» **Problem details**
Once you find the line below that has "Уже несколько десятилетий", output it and every line after it exactly, stopping after the line that has "Brick Red Printed Asymmetrical Kurta Set", with no pictures.

» **Supplied information**
+===+

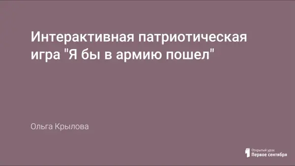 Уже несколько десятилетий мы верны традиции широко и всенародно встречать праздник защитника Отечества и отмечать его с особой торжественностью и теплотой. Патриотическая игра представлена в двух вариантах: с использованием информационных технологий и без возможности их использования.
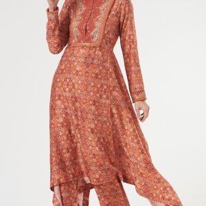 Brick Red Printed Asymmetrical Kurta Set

+===+

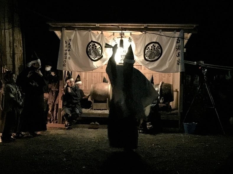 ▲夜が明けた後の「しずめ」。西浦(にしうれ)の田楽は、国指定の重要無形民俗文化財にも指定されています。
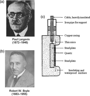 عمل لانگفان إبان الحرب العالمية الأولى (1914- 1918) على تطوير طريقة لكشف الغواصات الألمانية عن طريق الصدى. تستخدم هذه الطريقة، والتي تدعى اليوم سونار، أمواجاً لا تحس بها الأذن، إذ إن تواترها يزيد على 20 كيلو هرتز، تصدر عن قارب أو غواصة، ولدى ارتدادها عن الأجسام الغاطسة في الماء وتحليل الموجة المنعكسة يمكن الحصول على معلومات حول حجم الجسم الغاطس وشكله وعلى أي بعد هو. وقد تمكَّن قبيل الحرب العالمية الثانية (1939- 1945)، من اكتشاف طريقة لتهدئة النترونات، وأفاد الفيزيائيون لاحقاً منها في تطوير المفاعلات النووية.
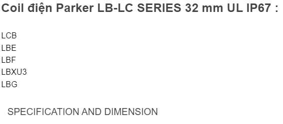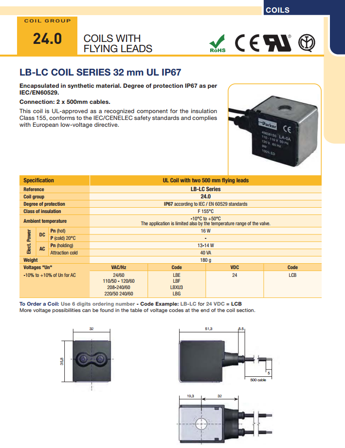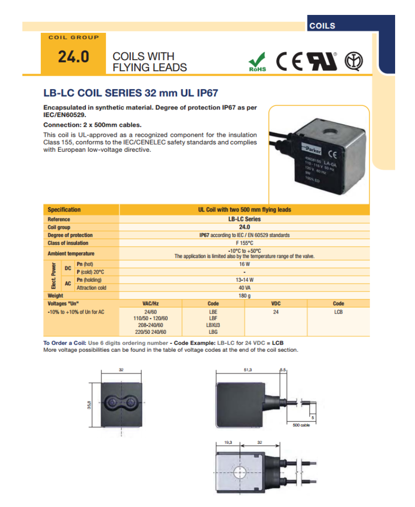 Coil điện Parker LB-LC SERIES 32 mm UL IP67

+===+

» **Expected answer**
 Уже несколько десятилетий мы верны традиции широко и всенародно встречать праздник защитника Отечества и отмечать его с особой торжественностью и теплотой. Патриотическая игра представлена в двух вариантах: с использованием информационных технологий и без возможности их использования.
 Brick Red Printed Asymmetrical Kurta Set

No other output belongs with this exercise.